Monday, August 2, 2010

the day with the name

Today sucks.

It was one of those mornings when I decided to wake up on the third alarm instead of the first or second. So, I got up at 6:30. Then everything just went super slow. It really was the toaster. I put the bagel in and walk away, thinking its toasting. Then, I come back. Its not plugged in. Ok, fine I still have some time. I walk away, thinking its toasting... I was wrong again. Though the bagel was weighing the toaster slots down it was not toasting. Then its starts toasting. I start eating at 7:00. Let me explain the relevance of this time. I usually get in the shower at 7:00. Which puts me getting in my car at 7:20. This will get me to work 25 miles away somewhere in the neighborhood of 7:50. I get in the shower today at 7:16. I leave around 7:30. I will be on time, getting to work around 8:00. No, wrong again.
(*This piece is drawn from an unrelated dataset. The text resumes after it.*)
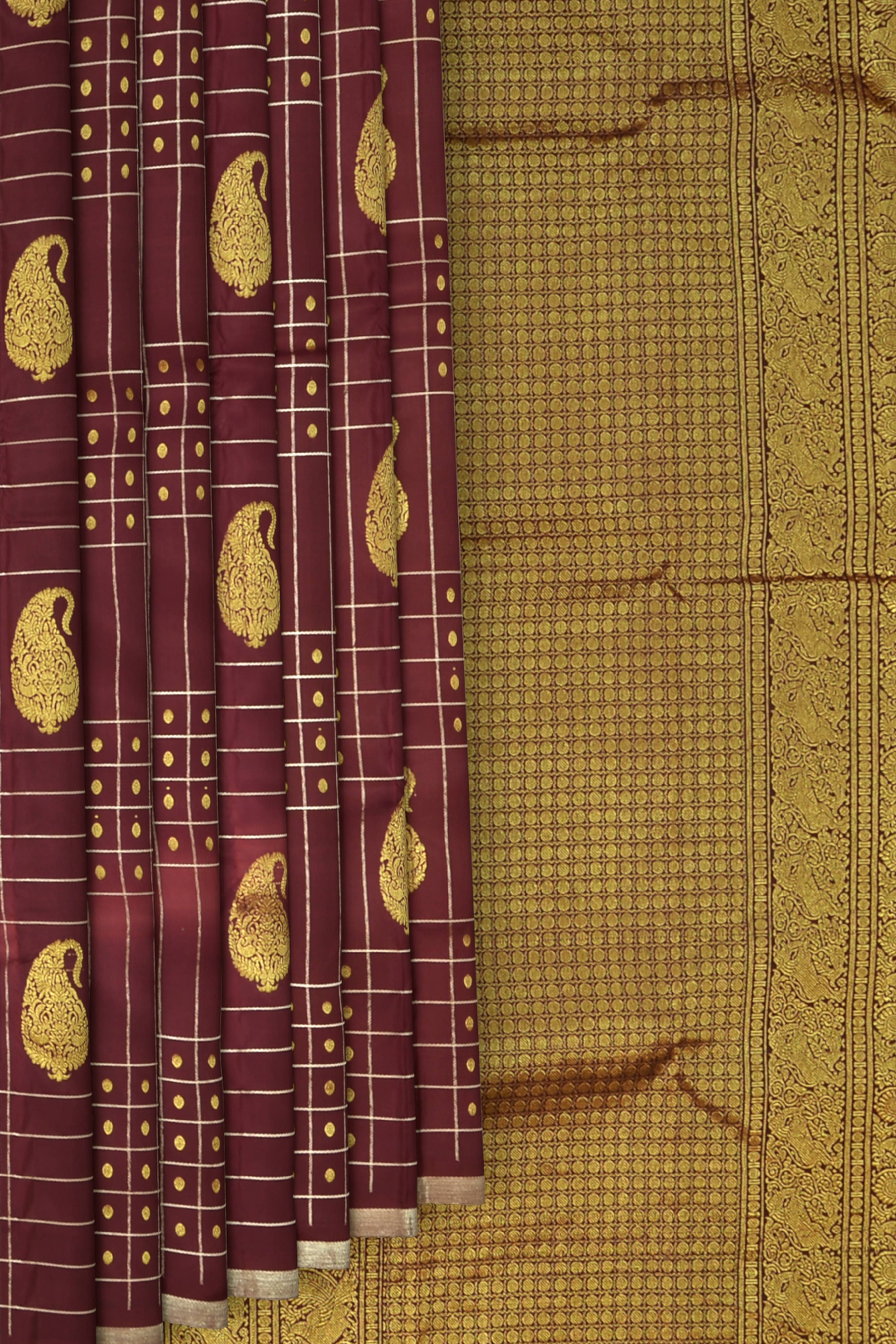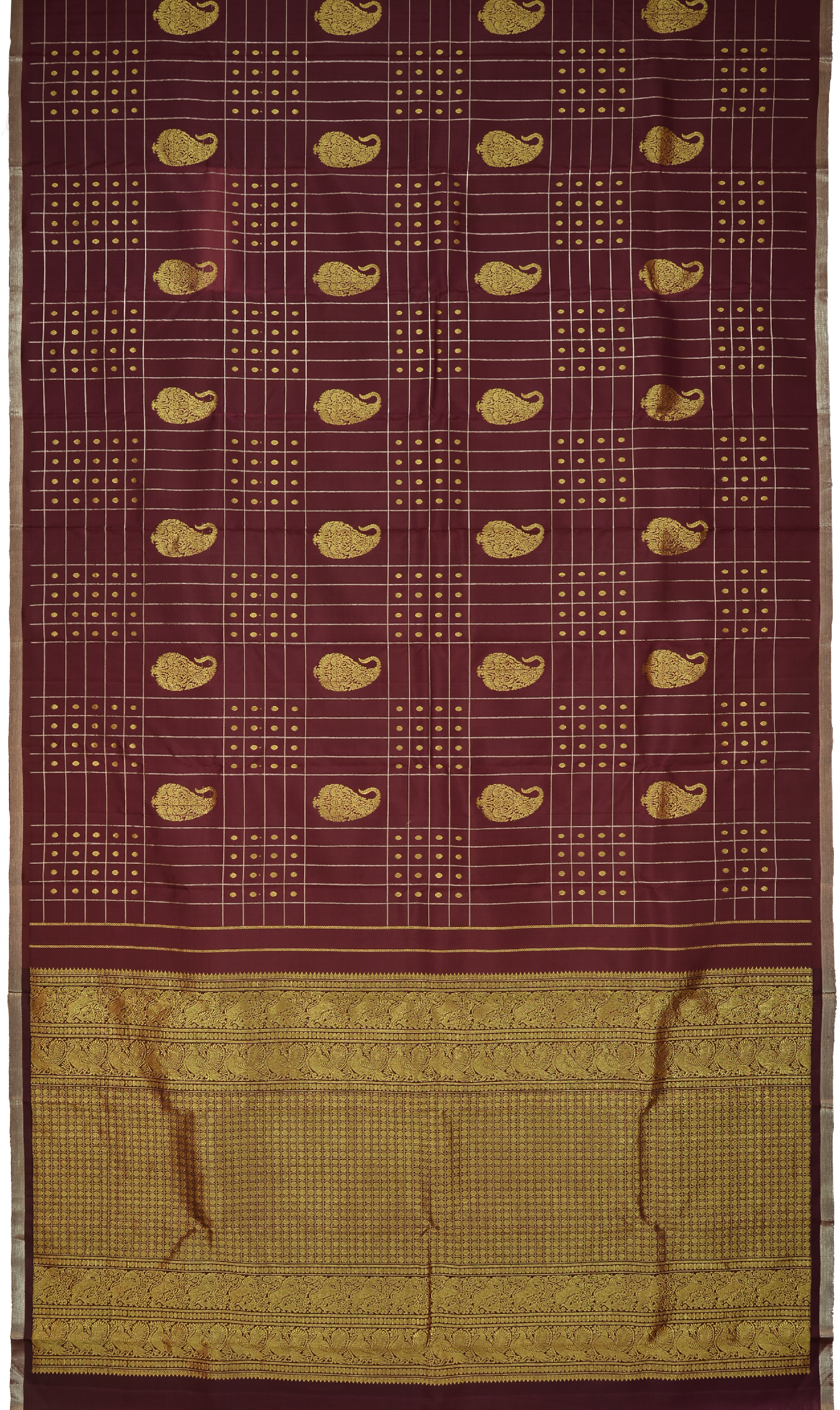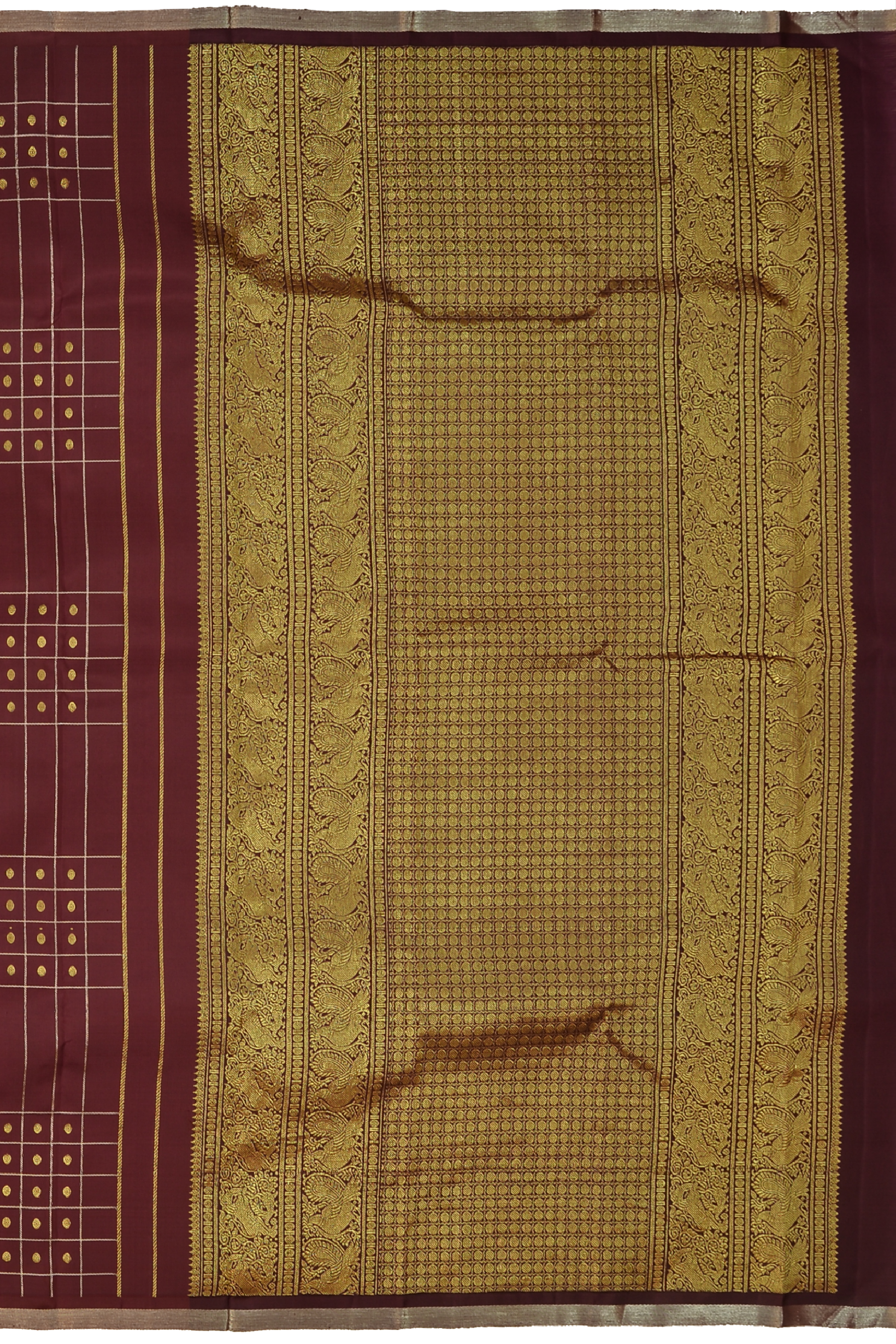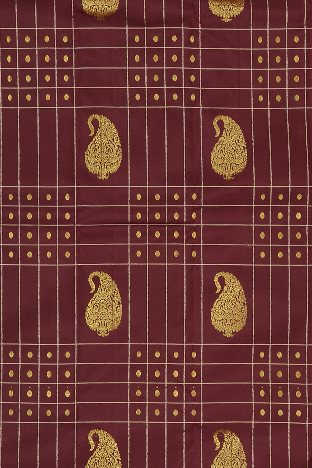 Wrap yourself in the elegance of this pristine Kanchipuram silk saree. The maroon hue evokes a sense of royal allure, amplified by the timeless checks pattern that sprawls across its body. Every detail, every weave narrates a story from our country's rich tapestry of traditions.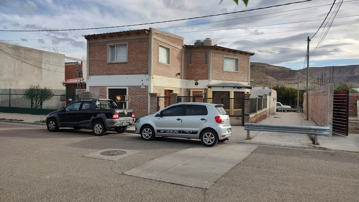Tranquilo alojamiento, situado en Comodoro Rivadavia, cercanía centro de la ciudad; cuenta con estacionamiento (con costo extra), portón eléctrico, Wifi gratis en toda la instalación El departamento cuenta con alojamiento para 4/5 personas (pato mascotas y niños) Cocina totalmente equipada, tv de pantalla planta, parrilla. El aeropuerto internacional de general Enrique mosconi, se encuentra aproximadamente a 13 km del alojamiento.

Today, my Jeep decides is the best day for the, then unknown, cracked radiator house to spew antifreeze all over my engine; or at least for the effects to be felt. This rather inexpensive ($700 - shoot me in the face!) repair needs immediate attention; not to mention the other $500 I will need to fork out to fix the suspension soon. This is really my brother's jeep, seeing as I never really paid him for it, and I seeing as he may want it back I have to fix it anyway.

Also, may I mention I detest my current job. The job I really want, that I have been interviewing for, is being elusive. The recruiter in their HR is not calling me back. She should be seeing as the person I interview with liked me and wants me to talk to the one last guy. The job, hopefully, will mean a pay grade increase, a shorter commute, a better work atmosphere, etc. The easiest way is to say, this grass doesn't just seem green, it doesn't matter because at least there's grass. I don't care if I'm going from a desert to a savanna after a wildfire, its still better. Though I doubt it will be like that, the guys I know that work there love it. Everyone loves it. It seems like a haven of worker zen, while I am scraping an existence in worker hell.

So, after an enjoyable weekend with my parents celebrating my grandmother's 85 birthday, I am back to hell and starting what is proving to be a horrible week. I am looking on the bright side though (you may not think so after this rant, you may not think it possible after this rant), and its not the "someone else has it worse" silver lining, it's this "can my week really get any worse?" I'm going to say that this is the worst and from here on out everything will just be so much better. Hey, even the annoying co-worker is on vacation. Now, if only my boss would go on a sudden and extended vacation, actually if he just took the rest of the day off I'd be happy.

Needless to say, I'm looking at Subaru's and I'm about to employ that idea that "someone has it worse" by trying to cheer myself up by checking out fmylife.com, and maybe I'll peruse that last night's text place, too.